Task to carry out: Write each entry out again verbatim, pictures excluded.

Source records:
------------------------------------

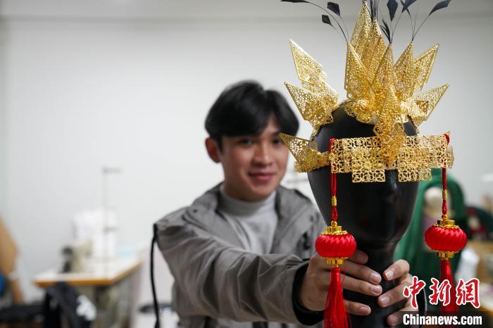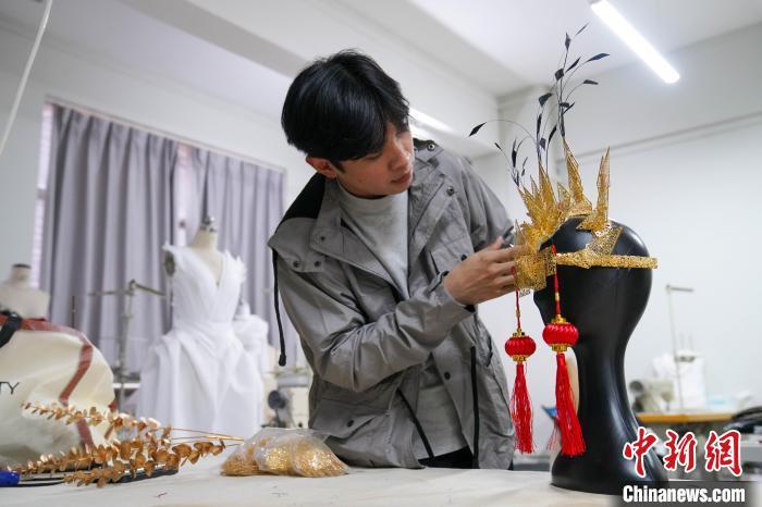 中新网南宁电 春日午后,广西艺术学院的操作室里,裴优术旋转着头型模具,在金色的头饰顶部插上几根羽毛,左右两边挂上红色小灯笼,一个融合印度尼西亚和中国文化特色的装扮出现在眼前。
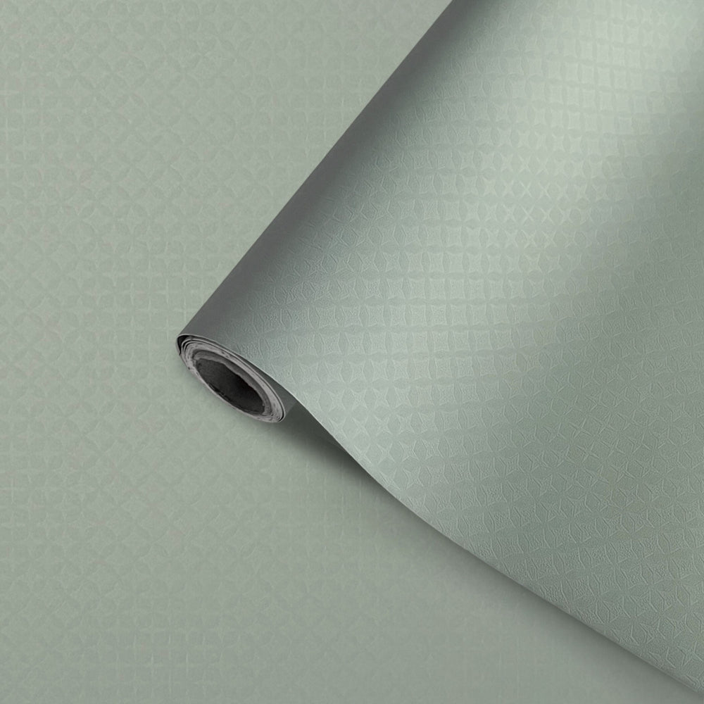 Nova green selvklebende tapet er en moderne, ensfarget tapet med et unikt mønster som gir rommet et sjarmerende og tidløst utseende. Perfekt til å fornye vegger, tak og møbler.
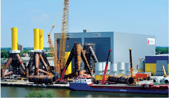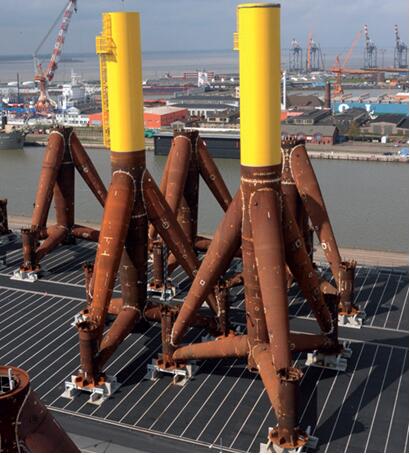 较深水域的大型风力发电机需要构建在诸如三角架结构的多个基点上,三角架由大型钢管构成三个稳定的支撑基础。用在海上风力发电机上的三角架有的高达60米,重达960 吨,其结构质量和尺寸精度是制造海上风力发电机最重要的环节,也是难点环节。
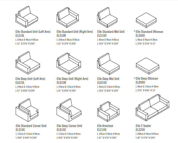 Elle is all about comfort. Memory foam seating with a downy top. Elle invites us to sit and relax.
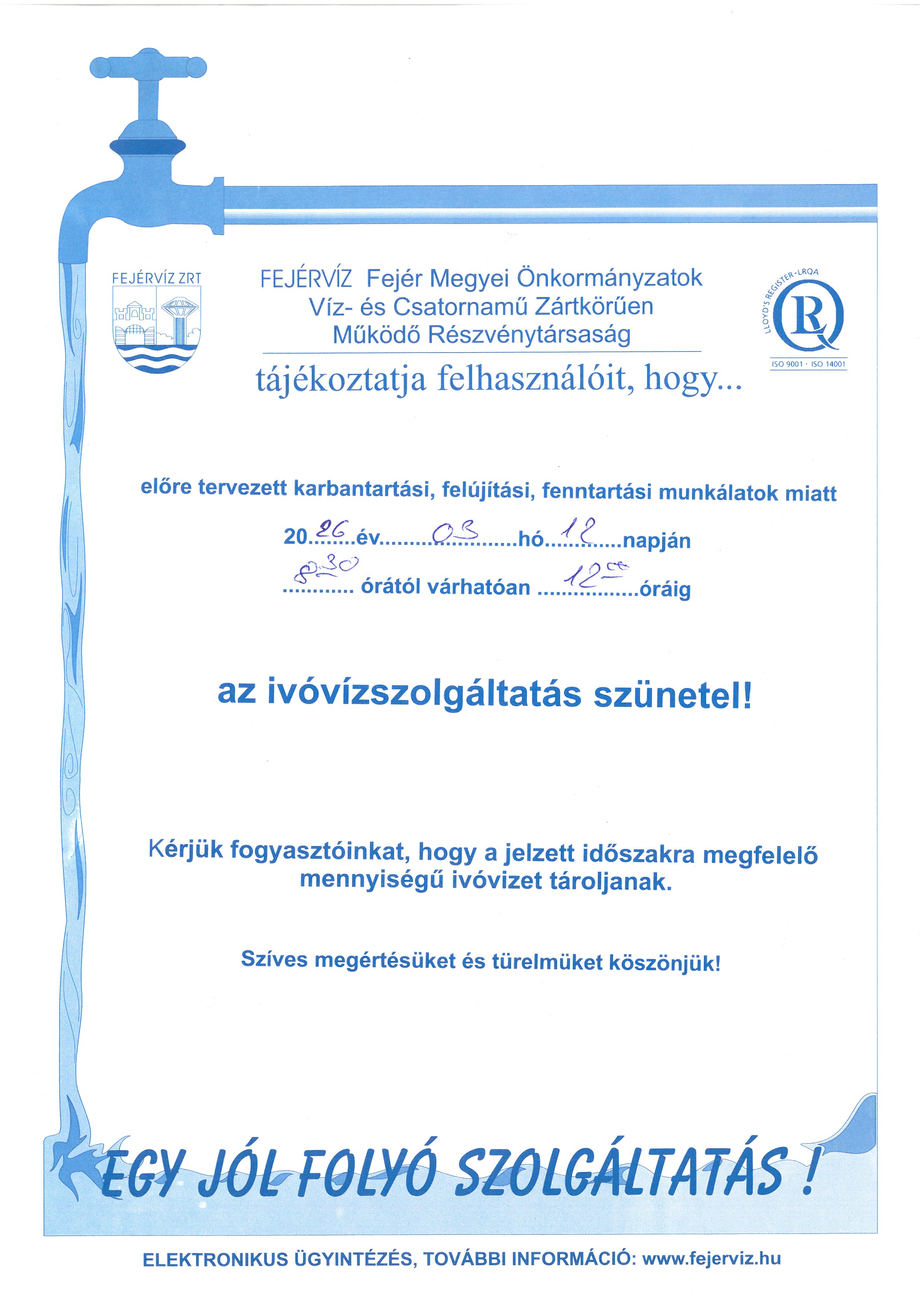 ivóvízszolgáltatás szüneteltetéséről 2026.03.12. csütörtökön 8.30-12.00 óra között. Ha szükséges, akkor lajtoskocsiból ívóvíz vételezhető a BAK Kft. előtt ezen időszak alatt.
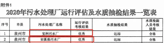 近日,福建省住建厅通报了2020年城镇生活污水处理厂运行评估考核情况,太阳成集团tyc7111宝洲污水处理厂、安溪污水处理厂分获全省第一、第二名。这是宝洲污水处理厂继2010年、2015年全省年度考核第一名,2017年全省年度考核优秀后再创佳绩。
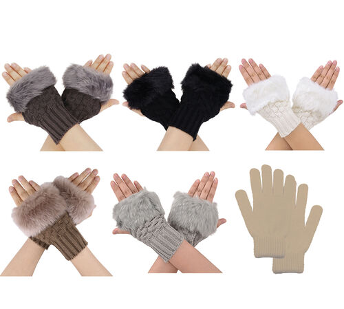 This lot includes Ladies' Fashion Fingerless Faux Fur Gloves. These beautiful, comfortable and warm gloves were designed for the winter season. Come with a soft fur lining for added comfort and warmth. Material: Knit, Faux Fur. Size: 5.90" L x 5.12" W.
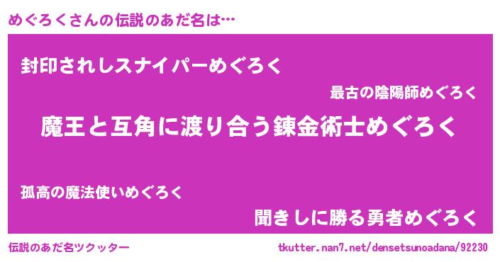 | ヘコむあだ名 | 『めぐっふぃ~』『めぐろく(遠い目)』 |
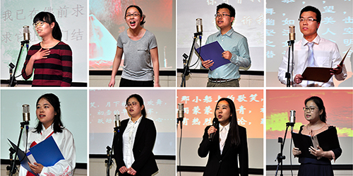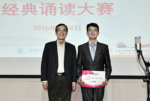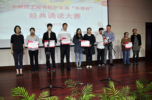 大赛最后,评委老师对选手的表现给予了高度评价,倡导大家多读书,读好书。大赛最终评出一等奖一名,二等奖三名,三等奖七名。来自功能分子的周俊峰凭借食指的《相信未来》,最后以94.6分的高分获得一等奖;来自生命有机的刘迅绅、功能分子的王昭和金属有机的张新分别凭借原创诗《国殇》、《放飞中国梦》和《前赤壁赋》,获得二等奖;来自机关的朱影、刘少娇,生命有机的王旭、付涛、章盈盈,氟化学的徐春晖,交叉中心的杨菲,金属有机的葛懿修获得三等奖。
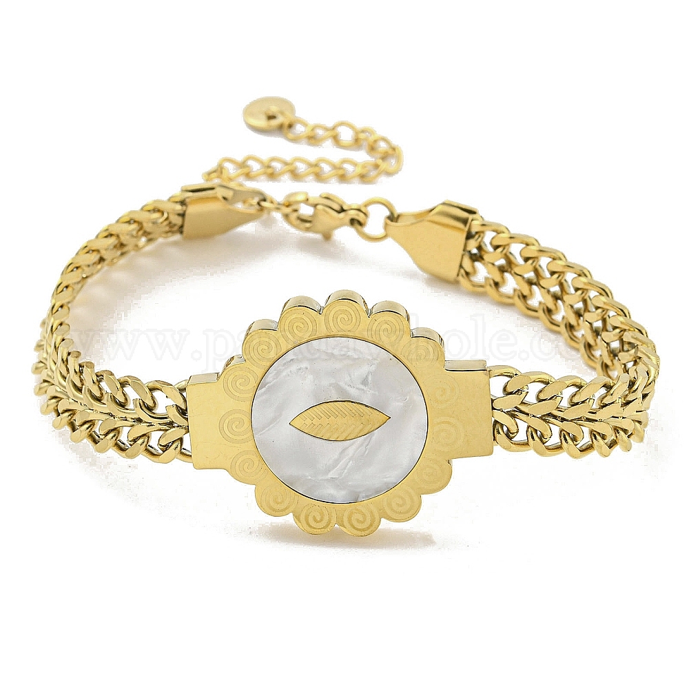 • Золотой 304 из нержавеющей стали витой цепи браслеты, Женские браслеты с цветочными звеньями из морской ракушки, золотые, 6-7/8 дюйм (17.5 см)
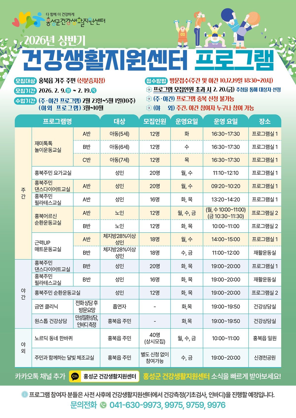 한편 프로그램 신청 관련 자세한 사항은 홍성군 건강생활지원팀으로 문의하면 안내받을 수 있으며 홍성군 ‘건강생활지원센터 카카오톡 채널’을 친구 추가하면 관련 정보를 제공받을 수 있다.

------------------------------------

Solution to the exercise:
 中新网南宁电 春日午后,广西艺术学院的操作室里,裴优术旋转着头型模具,在金色的头饰顶部插上几根羽毛,左右两边挂上红色小灯笼,一个融合印度尼西亚和中国文化特色的装扮出现在眼前。
 Nova green selvklebende tapet er en moderne, ensfarget tapet med et unikt mønster som gir rommet et sjarmerende og tidløst utseende. Perfekt til å fornye vegger, tak og møbler.
 较深水域的大型风力发电机需要构建在诸如三角架结构的多个基点上,三角架由大型钢管构成三个稳定的支撑基础。用在海上风力发电机上的三角架有的高达60米,重达960 吨,其结构质量和尺寸精度是制造海上风力发电机最重要的环节,也是难点环节。
 Elle is all about comfort. Memory foam seating with a downy top. Elle invites us to sit and relax.
 ivóvízszolgáltatás szüneteltetéséről 2026.03.12. csütörtökön 8.30-12.00 óra között. Ha szükséges, akkor lajtoskocsiból ívóvíz vételezhető a BAK Kft. előtt ezen időszak alatt.
 近日,福建省住建厅通报了2020年城镇生活污水处理厂运行评估考核情况,太阳成集团tyc7111宝洲污水处理厂、安溪污水处理厂分获全省第一、第二名。这是宝洲污水处理厂继2010年、2015年全省年度考核第一名,2017年全省年度考核优秀后再创佳绩。
 This lot includes Ladies' Fashion Fingerless Faux Fur Gloves. These beautiful, comfortable and warm gloves were designed for the winter season. Come with a soft fur lining for added comfort and warmth. Material: Knit, Faux Fur. Size: 5.90" L x 5.12" W.
 | ヘコむあだ名 | 『めぐっふぃ~』『めぐろく(遠い目)』 |
 大赛最后,评委老师对选手的表现给予了高度评价,倡导大家多读书,读好书。大赛最终评出一等奖一名,二等奖三名,三等奖七名。来自功能分子的周俊峰凭借食指的《相信未来》,最后以94.6分的高分获得一等奖;来自生命有机的刘迅绅、功能分子的王昭和金属有机的张新分别凭借原创诗《国殇》、《放飞中国梦》和《前赤壁赋》,获得二等奖;来自机关的朱影、刘少娇,生命有机的王旭、付涛、章盈盈,氟化学的徐春晖,交叉中心的杨菲,金属有机的葛懿修获得三等奖。
 • Золотой 304 из нержавеющей стали витой цепи браслеты, Женские браслеты с цветочными звеньями из морской ракушки, золотые, 6-7/8 дюйм (17.5 см)
 한편 프로그램 신청 관련 자세한 사항은 홍성군 건강생활지원팀으로 문의하면 안내받을 수 있으며 홍성군 ‘건강생활지원센터 카카오톡 채널’을 친구 추가하면 관련 정보를 제공받을 수 있다.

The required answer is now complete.